Without copying any picture, return all lines below exactly.

▶ _DATA_
((

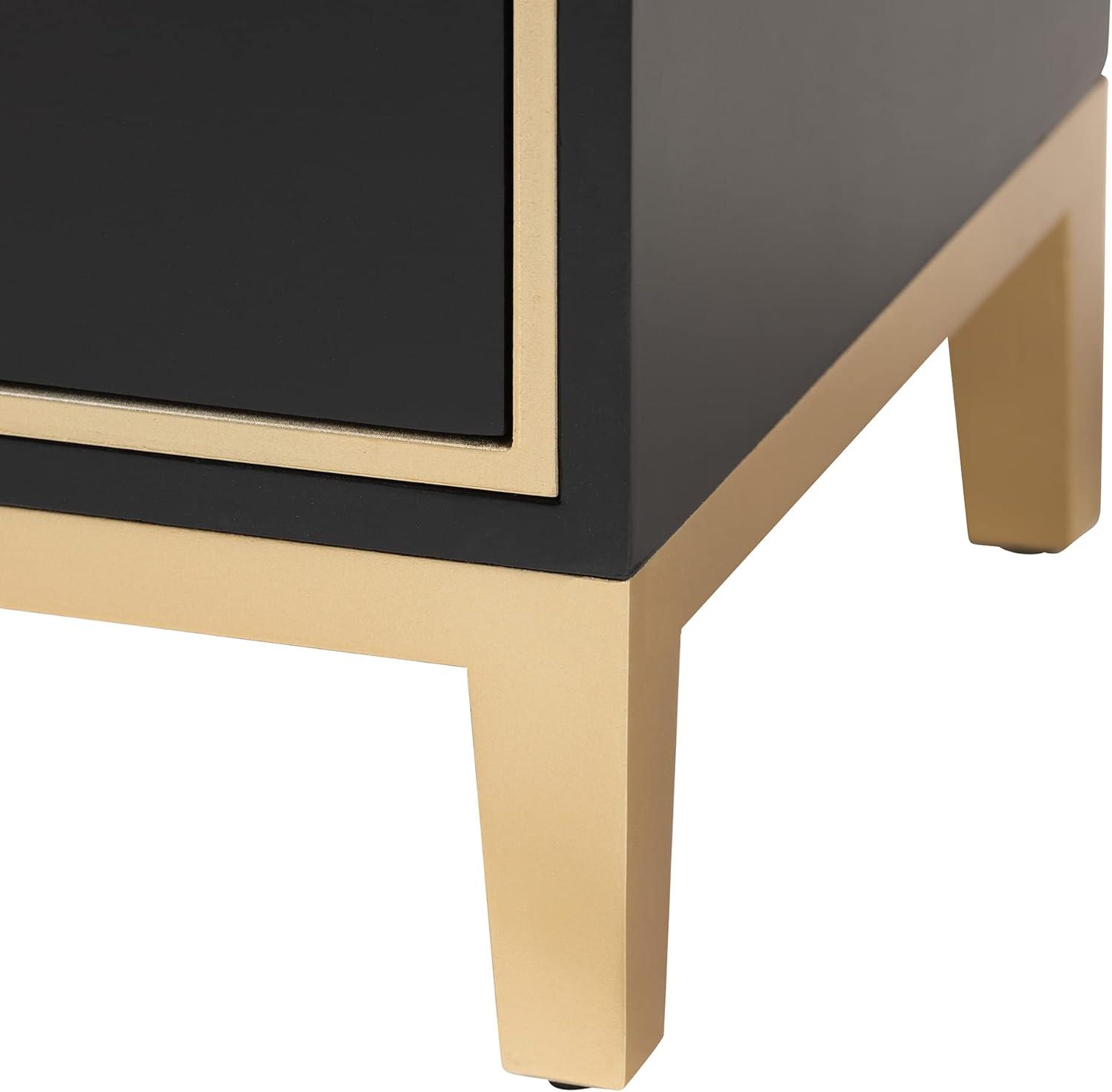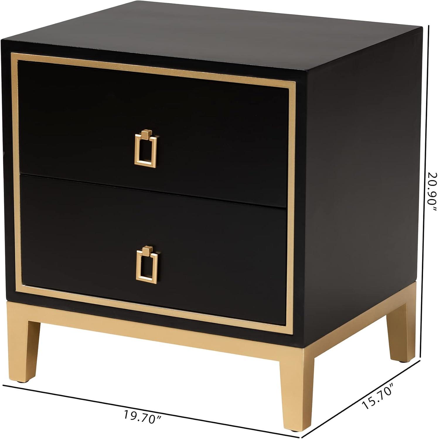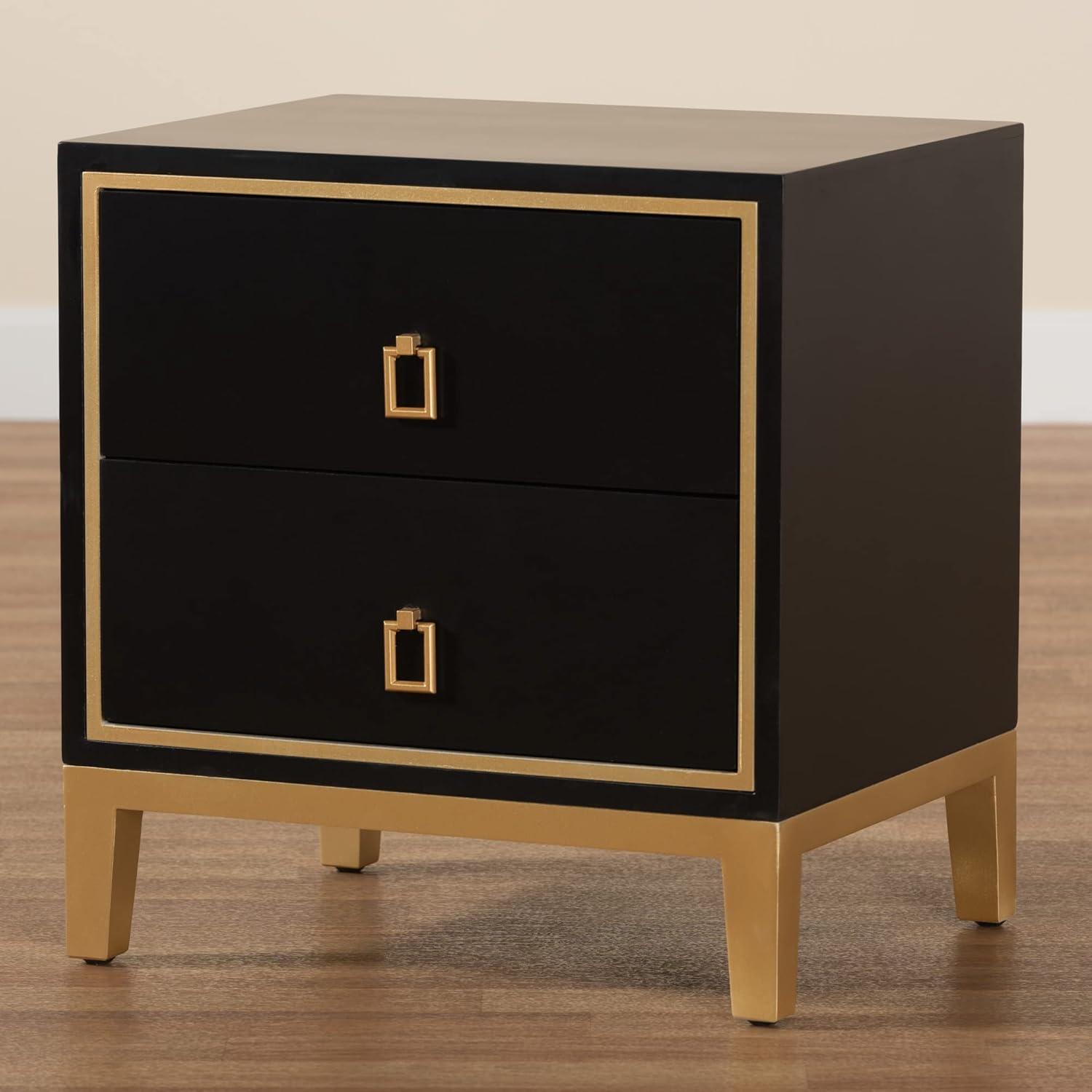 Its sleek silhouette and rich black finish accented with gold metal detailing make this piece a versatile addition for a variety of interiors. In a modern glam setting, the geometric embellishments and tapered legs bring just the right amount of understated luxury, elevating minimalist spaces without overpowering them. The two drawers provide discreet storage, perfect for stashing remotes or reading glasses in a living room or beside a stylish reading nook. Meanwhile, its subtle yet striking design also complements contemporary spaces, where clean lines and functional elegance are prized.
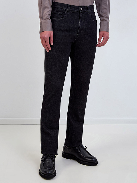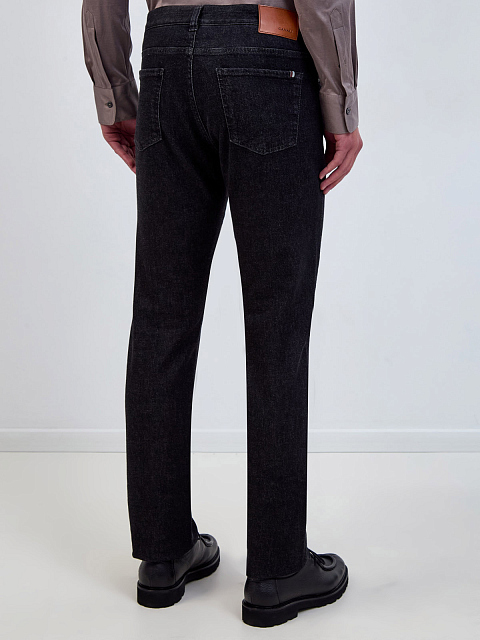 Джинсы с волокнами кашемира и патчем из кожи на поясе
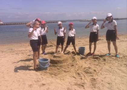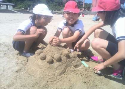 サンドアートでお城などを作りました。みんなで協力して大きな砂の造形を作れました。
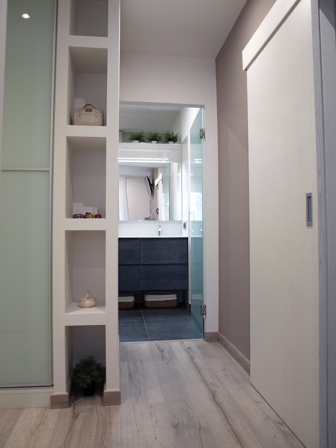 En cambio, la zona de baño se desplaza a la habitación adyacente, y el lugar que ocupaba el baño se destinará ahora para el vestidor.

))

▶ _TASK ANSWER_
 Its sleek silhouette and rich black finish accented with gold metal detailing make this piece a versatile addition for a variety of interiors. In a modern glam setting, the geometric embellishments and tapered legs bring just the right amount of understated luxury, elevating minimalist spaces without overpowering them. The two drawers provide discreet storage, perfect for stashing remotes or reading glasses in a living room or beside a stylish reading nook. Meanwhile, its subtle yet striking design also complements contemporary spaces, where clean lines and functional elegance are prized.
 Джинсы с волокнами кашемира и патчем из кожи на поясе
 サンドアートでお城などを作りました。みんなで協力して大きな砂の造形を作れました。
 En cambio, la zona de baño se desplaza a la habitación adyacente, y el lugar que ocupaba el baño se destinará ahora para el vestidor.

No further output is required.